Friday, November 11, 2011

Home Educating Our Autistic Spectrum Children



Home Educating Our Autistic Spectrum Children: 
Paths Are Made by Walking
Edited by Terri Dowty & Kitt Cowlishaw
This book fits both the All Grown Up Monday
and the Education Friday category, so I'm writing about it late
Friday and probably no one will read this until Monday.
I started reading this book with a great deal of skepticism and with two
major expectations:
1 All the children (despite the inclusive title) would have Asperger's.
2 The case histories would not give the nitty gritty of education.
To a large extent this proved to be the case, and I didn't realize that 
some case histories would be from the U.K. and even Australia. Sure, Education
Otherwise sounds like a great resource, but Americans can't access it.
But the book succeeds in what I see as the editors' main goal-
showing that people can and do home school their children with autism
and that this can be a valuable and viable option for many families. 
Yes, most of the parents are writing about home schooling their
kids with Asperger's. And many of these kids seem perfectly suited
to home schooling, easily accomplishing academic tasks with minimal
direction.
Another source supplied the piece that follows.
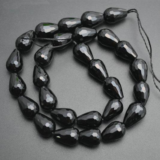 Perles à facettes en onyx noir en forme de larme, pierres précieuses naturelles, 6 x 9 mm, 8 x 12 mm, 8 x 25 mm, 10 x 30 mm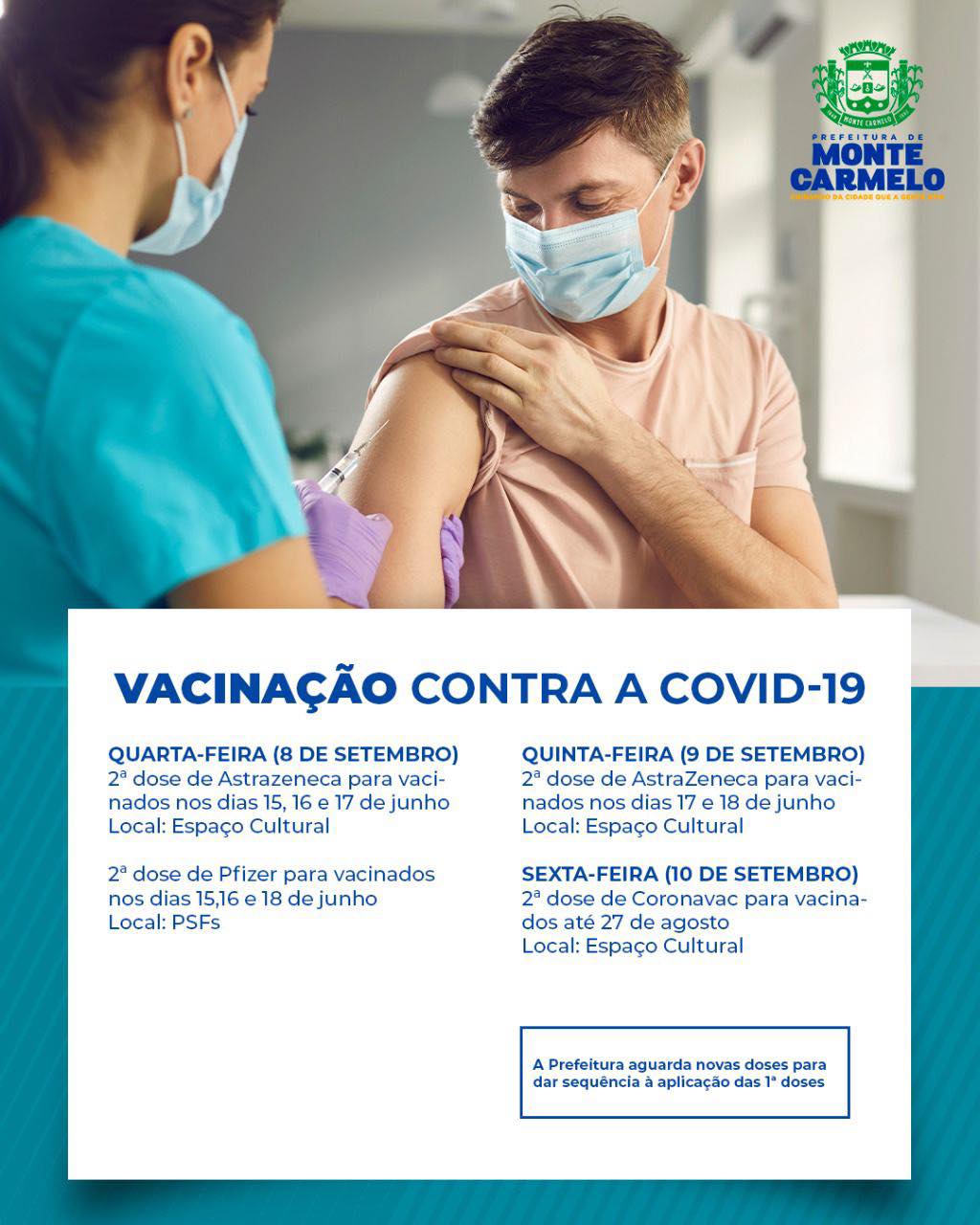 Confira o calendário de vacinação contra a Covid-19 em Monte Carmelo para essa semana.

But not all. Greg, for instance, required a different, more intensive,
and more creative approach. His parents basically gave up on a family life to 
educate him, but "a different life need not necessarily mean a lesser one."
The common denominator among these parents
was that they felt their children would learn better at home than at
school. Any parent may make that choice.
Personally, I am very, very grateful that my son has a supportive 
team at public school helping him learn. But the stories in this book
made homeschooling a child with autism seem a little less daunting.